=== PROBLEM REQUIREMENTS ===
Two lines in the listing below mark the span: one contains "You are about" and one contains "松(8画)生(5画) 実(14画)音(9画)". Reproduce both of them and everything between, exactly.

=== EXERCISE INPUT ===
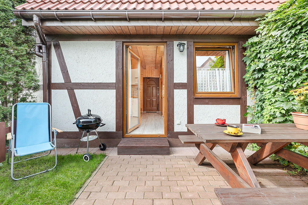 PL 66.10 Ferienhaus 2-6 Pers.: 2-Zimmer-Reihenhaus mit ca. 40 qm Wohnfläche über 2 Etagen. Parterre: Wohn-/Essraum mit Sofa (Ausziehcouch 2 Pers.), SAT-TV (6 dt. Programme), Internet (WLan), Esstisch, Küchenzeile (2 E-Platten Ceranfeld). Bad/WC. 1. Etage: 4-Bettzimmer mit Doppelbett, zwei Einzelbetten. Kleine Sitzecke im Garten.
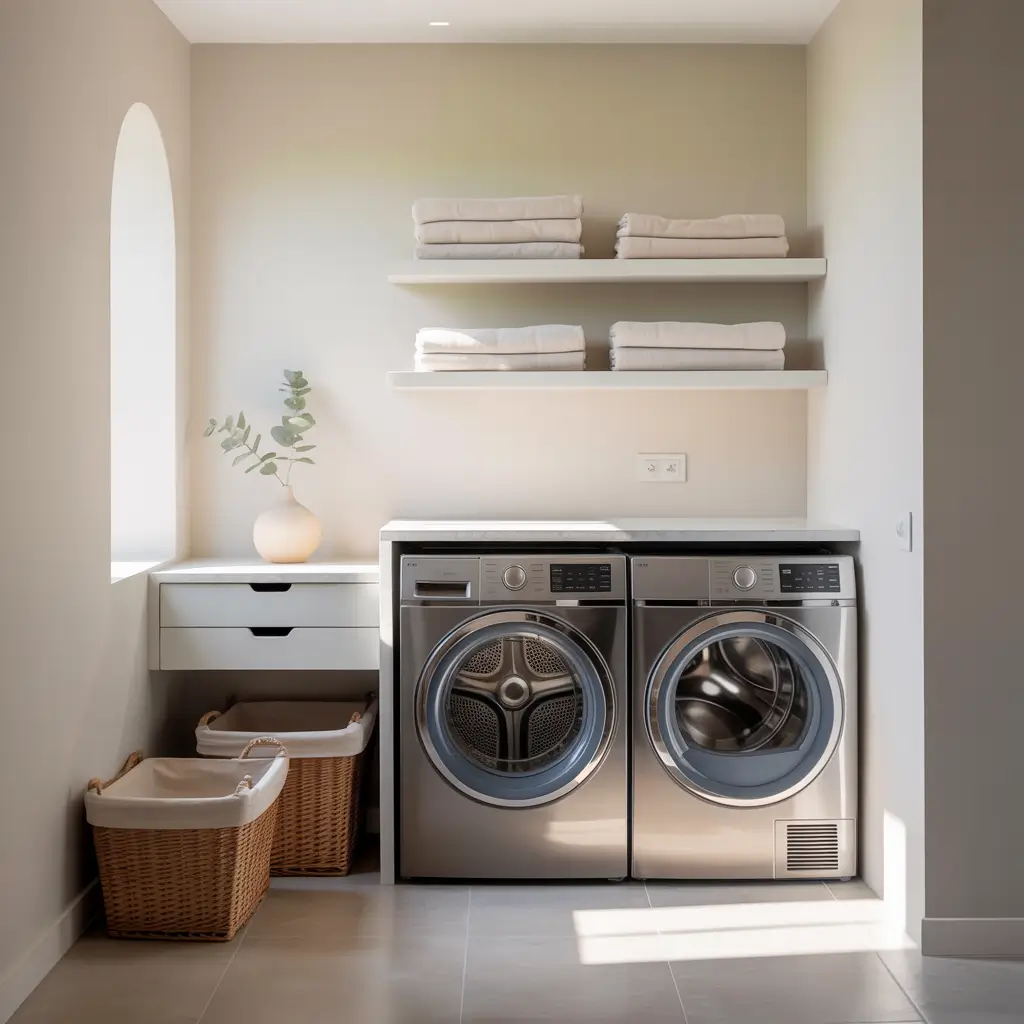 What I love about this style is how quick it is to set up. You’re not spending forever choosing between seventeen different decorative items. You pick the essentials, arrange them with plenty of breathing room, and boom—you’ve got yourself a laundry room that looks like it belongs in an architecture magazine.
---
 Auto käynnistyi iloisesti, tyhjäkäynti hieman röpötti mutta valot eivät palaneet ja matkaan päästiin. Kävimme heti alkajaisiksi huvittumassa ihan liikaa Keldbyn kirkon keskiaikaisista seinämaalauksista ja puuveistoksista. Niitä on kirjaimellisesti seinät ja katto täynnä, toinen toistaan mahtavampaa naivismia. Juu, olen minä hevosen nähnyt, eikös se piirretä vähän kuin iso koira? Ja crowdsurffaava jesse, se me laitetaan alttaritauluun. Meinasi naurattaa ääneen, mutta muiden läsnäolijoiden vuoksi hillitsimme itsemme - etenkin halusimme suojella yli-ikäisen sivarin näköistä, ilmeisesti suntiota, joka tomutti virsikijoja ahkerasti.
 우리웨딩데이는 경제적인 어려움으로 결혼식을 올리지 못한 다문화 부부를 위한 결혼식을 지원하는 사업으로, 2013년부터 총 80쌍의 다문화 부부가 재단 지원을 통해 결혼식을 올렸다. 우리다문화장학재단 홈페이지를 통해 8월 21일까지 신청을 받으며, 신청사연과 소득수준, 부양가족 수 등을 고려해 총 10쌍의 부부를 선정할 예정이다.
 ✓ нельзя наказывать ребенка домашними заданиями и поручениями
---
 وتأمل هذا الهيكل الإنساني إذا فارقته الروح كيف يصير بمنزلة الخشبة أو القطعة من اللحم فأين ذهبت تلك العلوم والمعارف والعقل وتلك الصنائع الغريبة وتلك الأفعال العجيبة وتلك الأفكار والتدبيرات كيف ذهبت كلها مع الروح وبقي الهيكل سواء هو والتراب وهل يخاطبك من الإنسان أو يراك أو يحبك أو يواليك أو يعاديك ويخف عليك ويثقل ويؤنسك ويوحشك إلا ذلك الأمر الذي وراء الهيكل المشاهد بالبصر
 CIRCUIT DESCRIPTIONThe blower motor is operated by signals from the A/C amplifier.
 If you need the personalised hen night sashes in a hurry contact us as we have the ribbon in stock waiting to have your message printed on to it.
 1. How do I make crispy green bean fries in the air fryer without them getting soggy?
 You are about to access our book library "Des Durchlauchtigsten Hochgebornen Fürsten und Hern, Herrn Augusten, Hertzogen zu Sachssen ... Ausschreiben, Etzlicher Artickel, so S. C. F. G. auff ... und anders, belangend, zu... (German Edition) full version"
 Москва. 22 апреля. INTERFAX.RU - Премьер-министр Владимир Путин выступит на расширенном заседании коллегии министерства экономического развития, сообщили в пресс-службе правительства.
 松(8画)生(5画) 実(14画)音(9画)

=== YOUR SOLUTION ===
 You are about to access our book library "Des Durchlauchtigsten Hochgebornen Fürsten und Hern, Herrn Augusten, Hertzogen zu Sachssen ... Ausschreiben, Etzlicher Artickel, so S. C. F. G. auff ... und anders, belangend, zu... (German Edition) full version"
 Москва. 22 апреля. INTERFAX.RU - Премьер-министр Владимир Путин выступит на расширенном заседании коллегии министерства экономического развития, сообщили в пресс-службе правительства.
 松(8画)生(5画) 実(14画)音(9画)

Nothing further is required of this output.